Plant functional trait measurements
We measured twelve plant traits that are related to plant resource economic strategies, following standardized protocols (Pérez-Harguindeguy et al., 2016). The four leaf traits were measured on the third or fourth leaf, as these leaves are the greatest biomass in the leaf cohorts. We measured leaf area (LA, cm2) using a Li-3100 (Li-COR, Lincoln, NE, USA). We measured saturated water content after the leaves were immersed in deionized water for 24 hours. Leaf dry mass was obtained by oven-drying each leaf at 65 °C for 48 hours and then weighing it. The specific leaf area (SLA, cm2 g-1) was calculated as leaf area divided by its dry biomass. The leaf dry matter content (LDMC, mg g-1) was water-saturated fresh biomass per unit of dry mass. We measured leaf N (N, mg g-1) and P (P, mg g-1) concentrations with a Kjeltec 2300 Analyzer Unit (Foss, Sweden) and the molybdenum blue colorimetric method followed by colorimetric analysis (Murphy & Riley, 1962).

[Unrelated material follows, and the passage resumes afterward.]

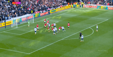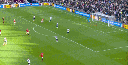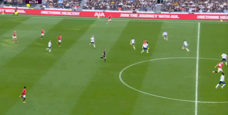 这个时候,当你再回想两次传中时的约罗的站位问题的时候,是不是就显得尤为重要了?足球比赛就是这样的:你在每一个区域,每一个位置上的每一个球员,所做的每一个动作的质量高低,都可能会在90分钟的时间长度和对手输出的强度变化下,成为下一个关键节点的导火索。所谓的教练们关注细节,其实就是在关注这些细枝末节的地方。但是,作为一支无论教练怎么看菜下饭,就像今天客场面对热刺,开局就摆出五后卫,随后在比赛当中或主动,或被动地换下两个后卫的球队,却能在比赛最后10分钟里连丢两球,你觉得这是一支可以实质上改善防守质量的球队吗?在我们看来,这是不能的,你只能带着这个11场丢18球的防守端进行比赛,所以真正能解决问题的,还是在向前的方向上。这个时候,阿莫林在开局的进攻端布置就显得尤为重要了。库尼亚代打中锋,在赛季初的单场比赛有效,是因为当时首发的左边锋是芒特,可以用逆足提供一条斜向的线路,从而和另一侧的逆足进攻端互相联系。然而,今天库尼亚代打中锋,姆贝乌莫顺足打在左侧,他自己可以凭借身体和速度稍有发挥,可是库尼亚呢?

To determine the eight root chemical and morphological traits, we selected the first two root orders, which are typical absorptive segments among fine roots (Guo et al., 2008). The roots were scanned at a resolution of 300 dpi using the Epson Perfection V750 Pro (Seiko Epson Corp.). Then, the roots were oven-dried at 65 °C for 48 hours and weighted after scanning. The scanned images were analyzed using the software WinRHIZO Pro 2019 (Regent Instruments Inc.) to measure root length, average root diameter, root volume and root surface area for each root sample. Specific root length (SRL, cm g-1) was calculated as total root length divided by root dry mass. Root tissue density (RTD, g m-3) was calculated as root dry mass divided by root volume. Specific root area (SRA, cm2 g-1) was calculated as root surface area divided by root dry mass. Root carbon (RC, mg g-1) and nitrogen (RN, mg g-1) were determined by the element analyzer (vario MACRO cube, Elementar, Germany). Root alkaline phosphatase activity (alkaline phosphatase activity, ug PNP g-1 soil h-1) was measured using S-AKP protocol kits (Beijing Solarbio Science & Technology Co., Ltd., Beijing, China) (Li et al., 2023). Root mycorrhizal colonization (RMC, %) and soil inorganic N concentration (mg g-1) and available P concentration (mg g-1) were measured using standardized protocols (Details in the Supplementary Material).
Calculations
The nutrient resorption efficiency (NuRE), defined as the proportion of nutrient resorbed from the green (mature) leaves by the plant during the senesced season, was calculated as Lü et al. (2013).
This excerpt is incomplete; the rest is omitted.